After three hours they offered us a small breakfast: a burrito, candy and water. By then four of the seven children who accompanied the group were sleeping on mats in the living room. Tired, many put their heads on the tables and even snored. They again called the Guatemalan who couldn’t read. They asked him several questions. We all got nervous; nobody could understand what he was saying. More agents surrounded him, saying it was to help. The man had misplaced the address at which he was supposed to arrive in the United States, and due to his illiterate condition, he was actually being aided by the staff. Finally they called him for some signatures and in 15 minutes gave him his file. He was the first to leave those desperate walls. He said goodbye to everyone shortly after 10 in the morning
They didn’t ask anyone present about “credible fear” during the interviews. The agent who attended me, along with the Salvadoran and another Honduran, asked me only what I did for work in Mexico and how long I had been there. We were all called little by little, and before 12 pm we were out with our respective paroles. From the Cuban couple, the first to come out was the girl, who was given an entry permit for one year and a month; the husband received a permit for two years and two months.
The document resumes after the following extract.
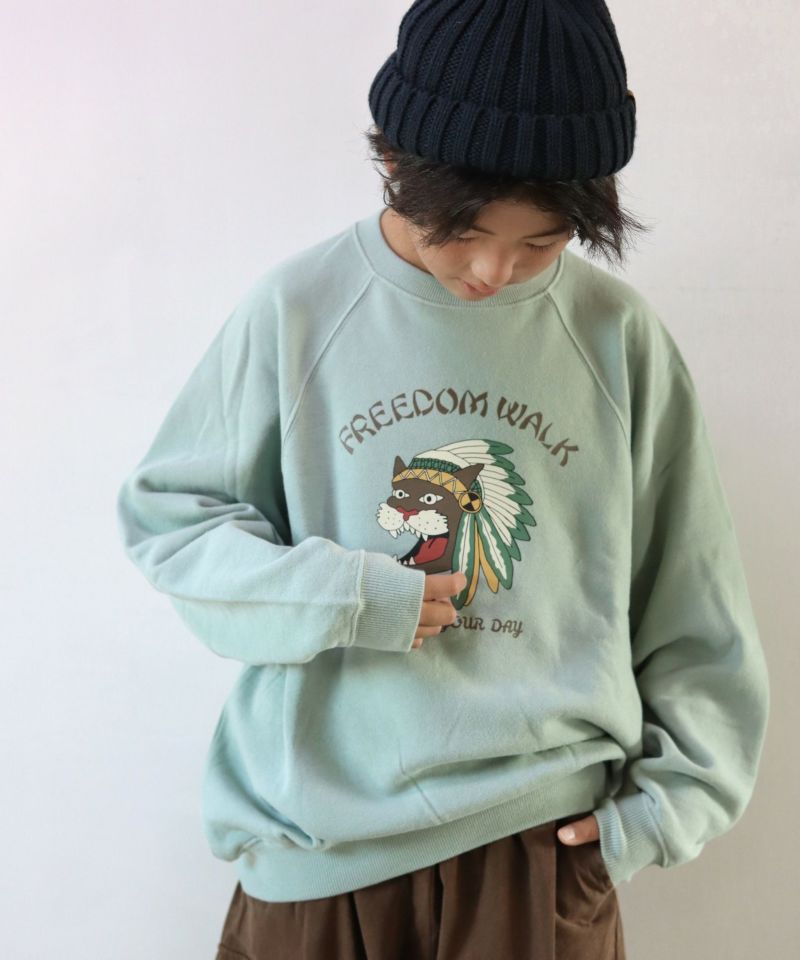 プリントに目が行きがちだけど、ラグランの切り替えやドルマンスリーブになっているデザインなど形もかわいいおしゃれなトレーナーです。
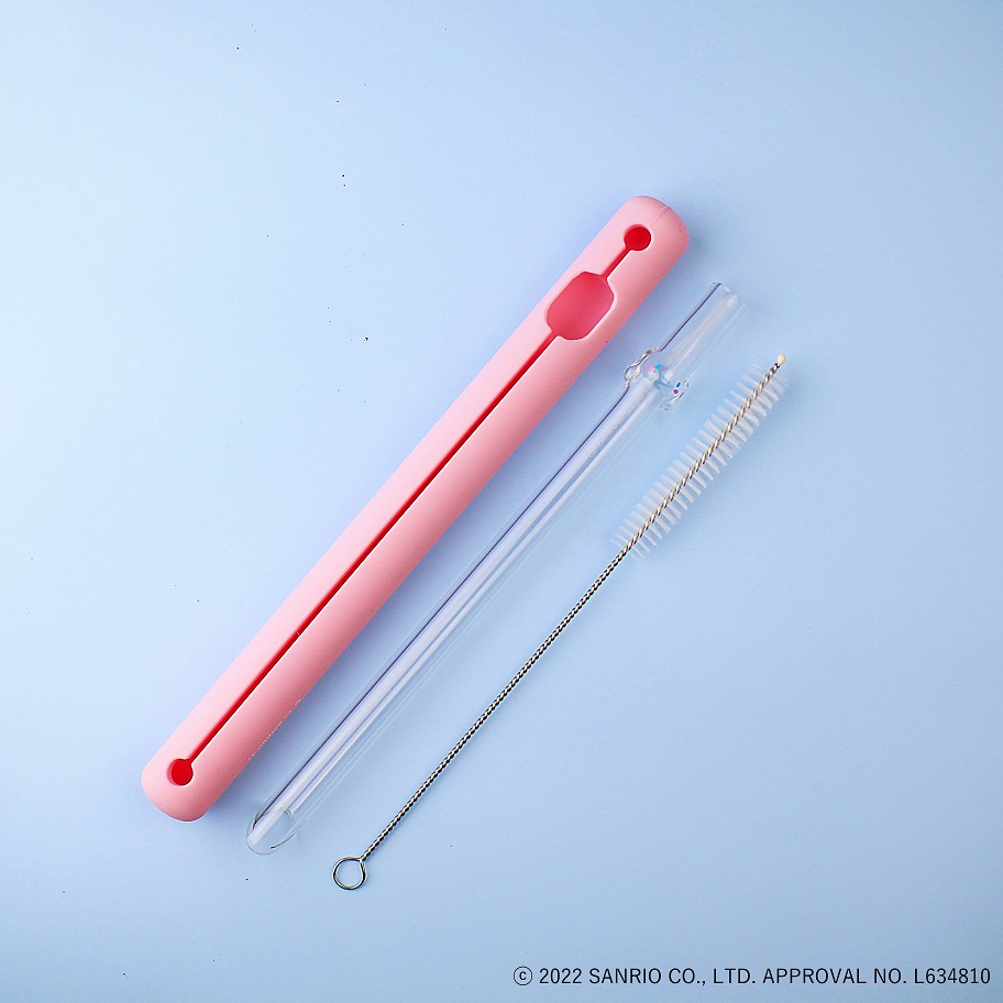 ガラス製マイストローは繰り返し使え、持ち運びに便利なシリコンケースとお手入れ用のブラシがセットになっています。

I got a one-year parole. The three of us were relieved: it’s enough time to invoke the Cuban Adjustment Law.
Some of us, without planning it, got together outside the CBP property to blow off some steam]]
Some of us, without planning it, got together outside the CBP building to blow off some steam, and then we began to walk towards a shelter that was a kilometer away to try to spend the night and see what they could offer us. We didn’t make it. On the way we were approached by a Mexican woman who was advising migrants. She took us to her office and charged 50 dollars each for an employee to transport the group to San Antonio. That city has the closest airport to Eagle Pass, and we had to get there to fly to our final destinations, except the Salvadoran who was picked up by his brothers and remained in Texas.
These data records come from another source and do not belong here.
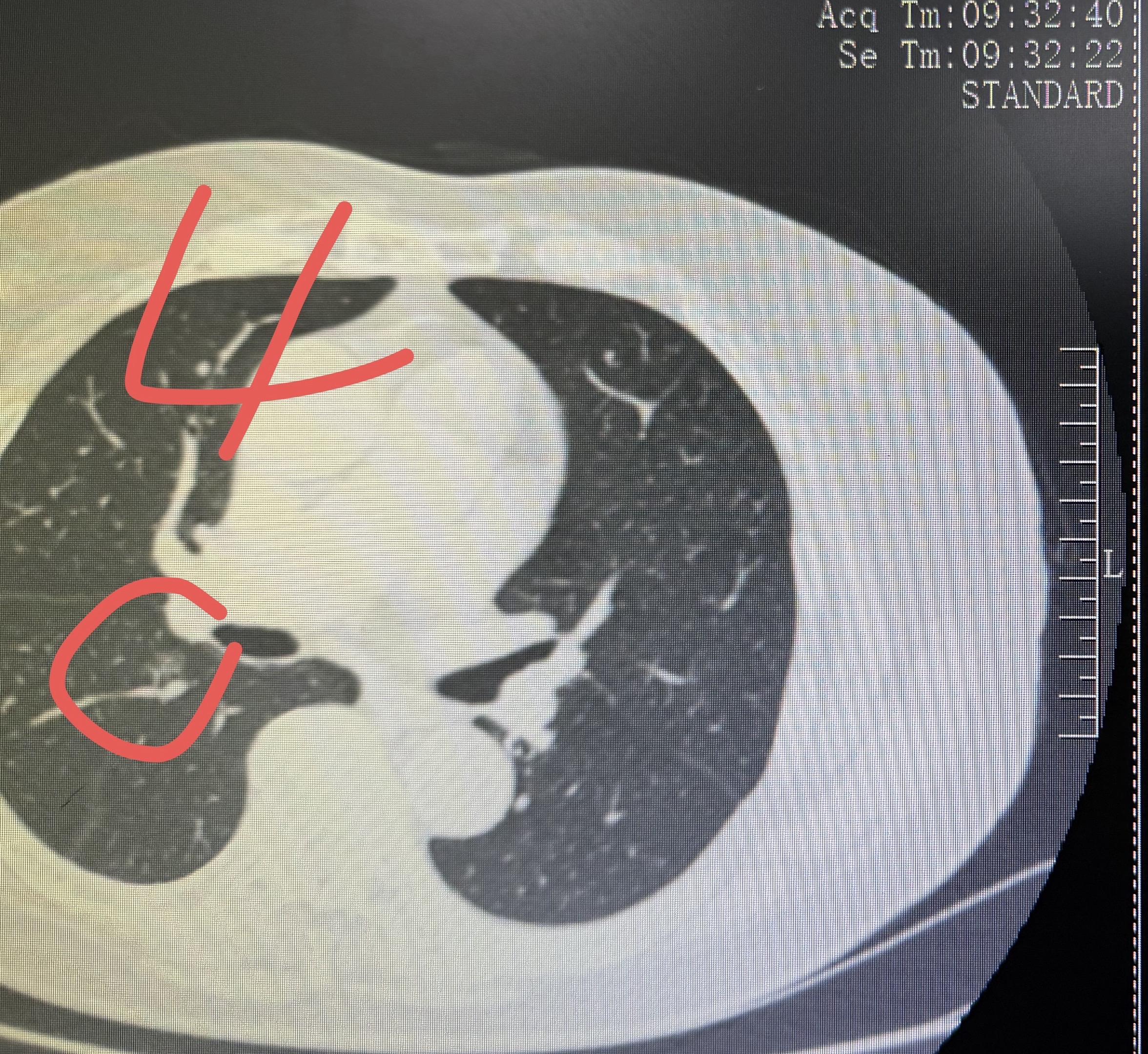 分享一个80岁多发结节的案例!如何治疗结。这个婆婆有4个有癌性磨玻璃结节,左侧两个1和2,右侧两个3和4。我们左侧做了腔镜楔形切除,术后病理浸润性腺癌,术后辅以治疗。右侧这两个结节在术后保守观察的过程中,明显缩小消失,应该是我们的术后辅助治疗起了作用。这就是,用一套治疗方案,解决了4个磨玻璃结节,该切的切,该保守的保守,病人损失最小化!
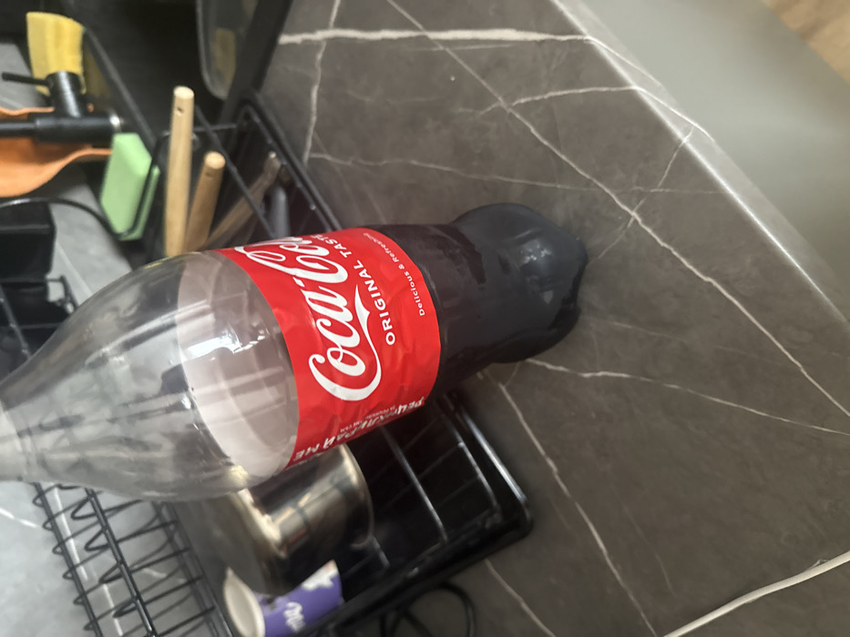 This image depicts an indoor kitchen scene located in Varna, Bulgaria. The primary subject is a clear plastic bottle of Coca-Cola Original Taste, approximately half-filled with dark brown liquid, positioned centrally on a dark grey countertop characterized by distinct white veining. To the immediate left of the bottle, a black metal dish drying rack contains a silver-colored metallic pot and a purple mug with a faint design. A black electrical cable is visible beneath the dish rack. To the right and rear of the Coca-Cola bottle, a kitchen sink area is partially visible, featuring a black faucet. Adjacent to the faucet, an orange kitchen utensil or accessory, a bright green rectangular sponge, and a yellow sponge are present. Two light brown wooden utensils are resting horizontally near the sink. A black rectangular object, possibly a smartphone, is lying flat on the countertop to the right of the bottle. No individuals or active interactions are visible within the frame. The lighting suggests an interior setting.
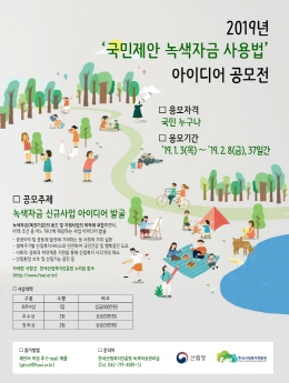 산림청 한국산림복지진흥원(원장 윤영균, 이하 진흥원)은 내달 8일까지 복권기금 녹색자금 신규사업 발굴을 위해 ‘2019년 국민제안 녹색자금 사용법’ 아이디어 공모전을 실시한다고 3일 밝혔다.
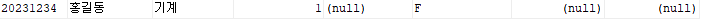 VALUES(20231234, '홍길동', '기계', 1, NULL, 'F', NULL, NULL);
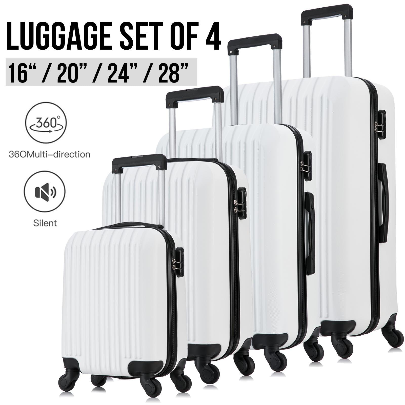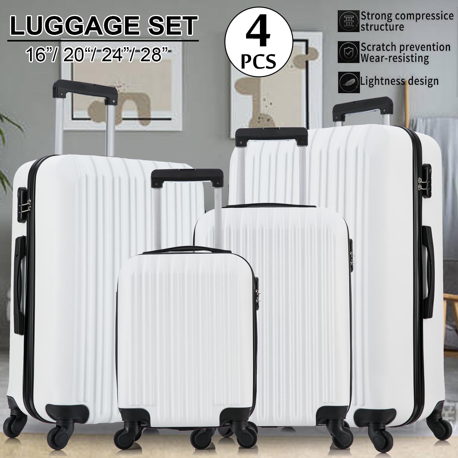 4 Piece Set Luggage Sets Suitcase ABS Hardshell Lightweight Spinner Wheels  Milk White

On the way to San Antonio I was able to talk to the Cuban couple. They spent six months in Mexico and were going to Florida just like me. She was 30 years old; he was 34, and they were now overtaken with fatigue. They left us at a shelter in San Antonio around five in the afternoon. My flight was at 10 am the next day, and theirs was at 2 pm. We met several times at that air terminal and also at Dallas-Fort Worth International Airport, where the three of us made a stopover for a few hours. We told each other our stories, laughed and were silent remembering what we had left behind. They called many relatives in Cuba and friends who stayed in Mexico in the hope of entering before Donald Trump assumes the Presidency next January. At 7 pm, I took a plane to my final destination. It was my first flight within this country, and, surely, it will not be my last.